The morning had not gone well. D was upset and yelling, and I – in what was not my finest parenting moment – yelled back – I know this is hard for you D. I know there are things you cannot help, things you may not understand. But you are one of seven people living in this house. You have. To. Calm. Down. Stop yelling. Think of your family. You’re not the only one around here.

He yelled and body-writhed some more.

Knock it off, I loudly hissed at him, not wanting my in-laws to hear me losing my cool. Like I said, not my finest parenting moment.

Our car ride to school, however, was quiet and calm. D was happy to head back to school and probably get away from me, and to be honest, I was ready to get some space from him. It’s not all autism, you know. It’s parenting a moody, stubborn 17-year-old young man.

We pulled into the parking lot of his building, and I walked him to the door, where one of his teachers was waiting and exited to meet us outside. There is a crisis going on with one of the students in D’s classroom, he said. Let’s go in through another door.

So, we walked around the corner to a side door and knocked to be let in. Another one of D’s teachers quickly came out and pushed her back up against the door. I could hear the student pushing and battering up against the door behind her, trying to get out.

Sorry, she said. You can’t come in from here either. The student is trying to elope. Go through the front, and take D to the other classroom, not his, she told us.

By this point I was alarmed. I knew which student they were talking about, and though D himself is now a strong, strapping 17-year-old young man, I no more wanted to walk him into that building then I did when he was three-years-old on his first day of school.

But before I could say anything, D was happily walking away from me with his teacher to the front door. In a second, he was gone.

I sat in the parking lot for a few minutes, overwhelmed by the situation and the memories it brought back. A lifetime of parenting D and his siblings, half stumbling-half shepherding him through a myriad of complicated, difficult situations, had left me barely surer of myself now then when the journey was in its initial stages.

I crafted a long, emotional text to my husband, in the middle of which my phone rang. It was him. How’s it going?

This sucks, I told him, my voice trembling with unspilled tears. How is this still happening? How is this still his life? How am I still sending him into buildings where crises are occurring?
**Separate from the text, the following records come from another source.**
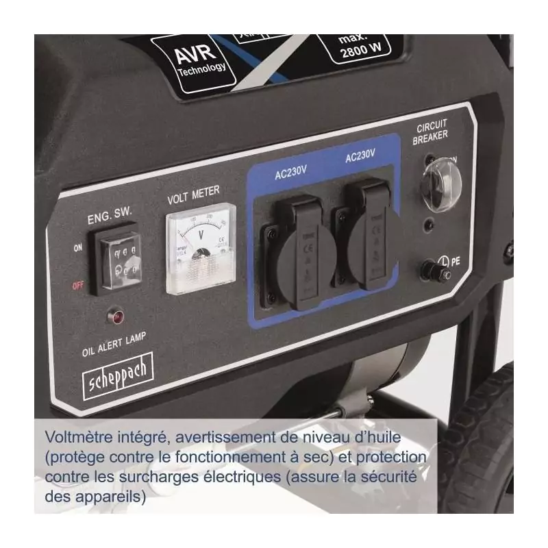 Le Groupe électrogene SCHEPPACH SG3200x est un outil puissant et fiable qui vous permet de faire face aux pannes d'électricité imprévues. Avec une puissance maximale de 2800W, ce groupe électrogène fonctionne à l'essence, ce qui le rend pratique et facile à utiliser.
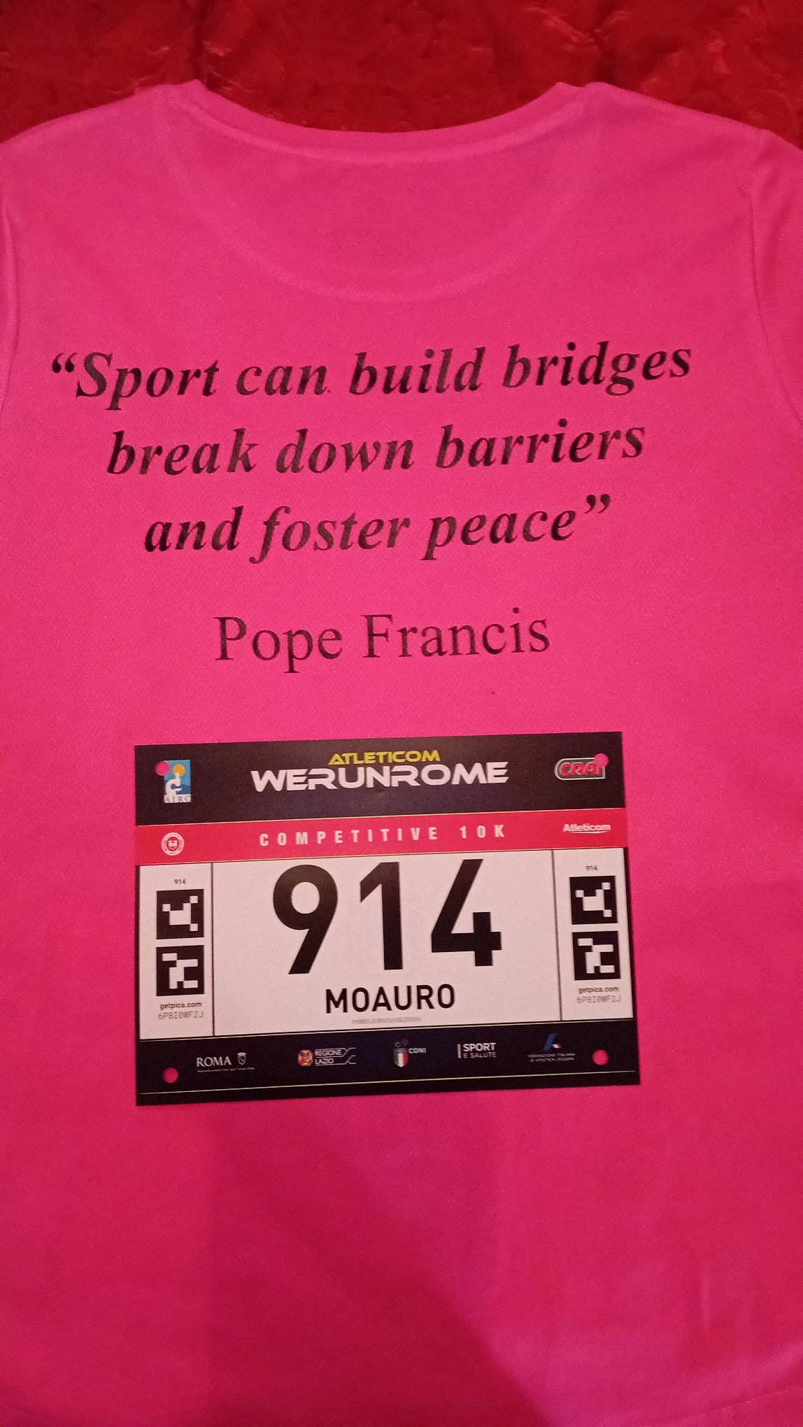 Un momento speciale è stato il gesto di Emanuela Moauro dei Top Runners Castelli Romani e di Massimo Pirani della Genzano Matathon, che hanno corso indossando una maglietta speciale, con il messaggio di pace “Peace” sul davanti e le parole di Papa Francesco sul retro: Sport can build bridges, break down barriers and foster peace (“Lo sport costruisca ponti, abbatta barriere e favorisca la pace”). Questo gesto, condiviso anche in altre competizioni, da Roberto Di Sante (presente anche in questa gara podistica) alla TCS New York City Marathon, dimostra come lo sport possa essere un potente veicolo di speranza e solidarietà.
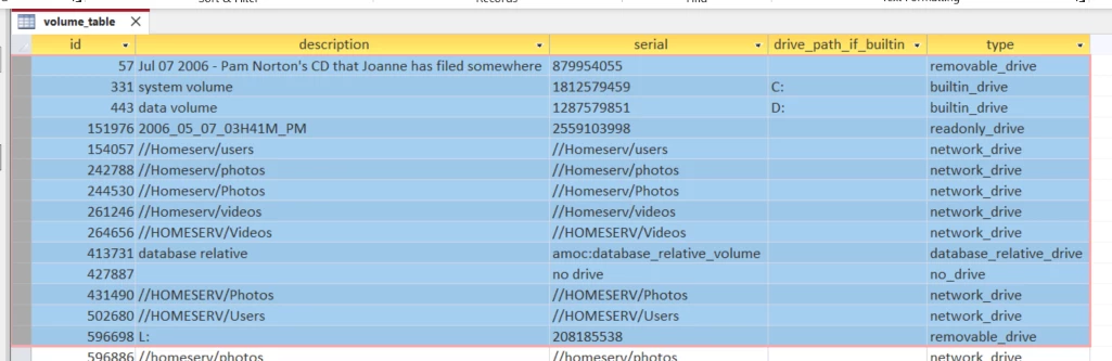 Here's an example of what's stored in the catalog for volumes in PSE2024. Note the serial column and drive_path_if_builtin. This hasn't changed much in many Organizer versions so I suspect 2022 look very similar:

It was a both fair and unfair statement.

In 2003, with very little by way of information on autism on the internet, with no social media networks or online autism groups to tap into, with a decidedly negative trajectory being pushed forth and the absence of autistic voices not even registering in our collective radars, the decisions we made by way of education, therapies, medical and biomedical treatments, diets and supports for D to me weighed heavier than anything I had ever carried.

In 2018, that weight feels no lighter, even with the plethora of information, the learning, growing, listening, understanding, the research and options laid forth.

There are still crises that happen at school; there is still the pain of letting him go. But there is also a tethered, unbreakable connection between us, in that he knows I will always come for him, I will be as close as he’ll let me be, I will listen so much better to him then to my own judgment, and I will bear witness. The weight of the love outweighs the heaviness of the unknown and doubt.

That is what has shifted in the 15 years since that brand-spanking new diagnosis entered his and our lives.